Exercise:
Copy exactly every line below, from the first through the one that contains "Zassenhaus Berlin Dark", and skip all pictures.

Data block:
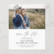 Boda presupuestal Guardar las tarjetas de fecha que tienen una foto en la parte delantera y trasera (dos fotos). Las tarjetas Save the Date contienen una moderna tipografía de escritura cursiva con letras a mano que son elegantes, simples y modernas para usar después de la minimalista celebración del día de la boda.
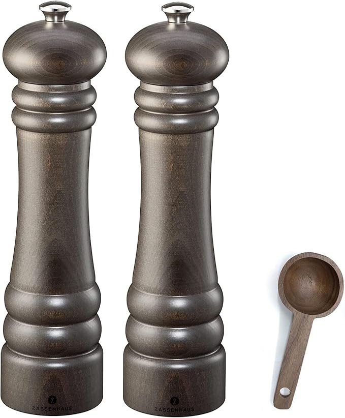 Zassenhaus Berlin Dark Stained Wood Salt & Pepper Mill Gift Set, Refillable Grinder, 9.4 Inches - With Wooden Spice Scoop
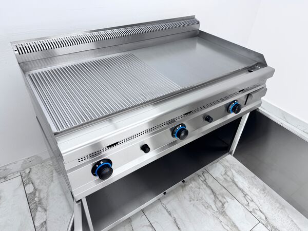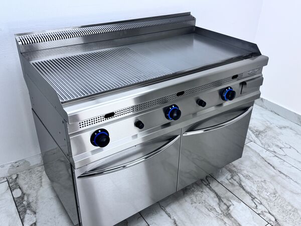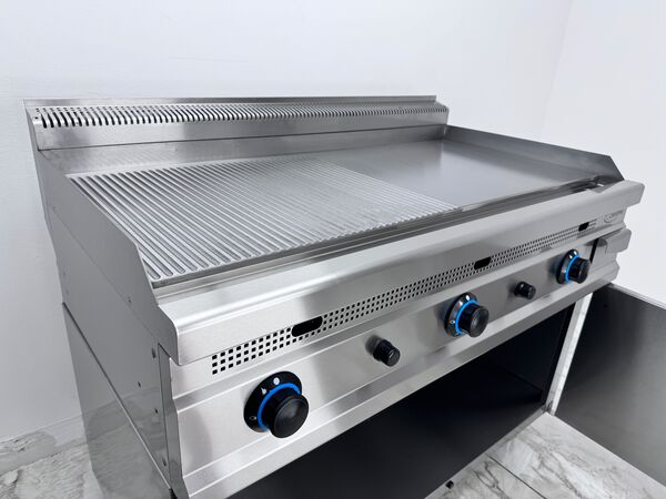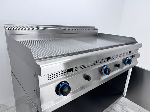 Gratar profesional de banc, functionand pe gaz natural, prevazut cu placa combinata – neteda si striata – cu grosime de 12 mm, ideala pentru prepararea uniforma a alimentelor. Corpul este realizat integral din inox, cu finisaje Scotch-Brite, colturi rotunjite pentru o igienizare usoara si durabilitate sporita in mediul profesional. Echipamentul este dotat cu valva de siguranta si termocupla, arzatoare cu flacara pilot (flacara de veghe) si aprindere piezo-electrica pentru o utilizare sigura si rapida. Dispune de 3 zone de ardere independente, fiecare arzator putand fi controlat separat, asigurand o flexibilitate maxima in gatire. Include protectie impotriva stropilor, sertar de colectare a grasimii detasabil pentru o curatare usoara si picioare reglabile pe inaltime pentru adaptare perfecta la suprafata de lucru.
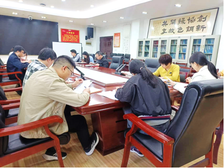 会议伊始,支部组织委员陈林枫同志统计支部党员到会情况,并收纳党费。随后,全体党员起立,高声齐唱国歌,陈林枫同志领誓入党誓词,胡明丽同志诵读党章第十一章《党徽党旗》。

Answer to the problem:
 Boda presupuestal Guardar las tarjetas de fecha que tienen una foto en la parte delantera y trasera (dos fotos). Las tarjetas Save the Date contienen una moderna tipografía de escritura cursiva con letras a mano que son elegantes, simples y modernas para usar después de la minimalista celebración del día de la boda.
 Zassenhaus Berlin Dark Stained Wood Salt & Pepper Mill Gift Set, Refillable Grinder, 9.4 Inches - With Wooden Spice Scoop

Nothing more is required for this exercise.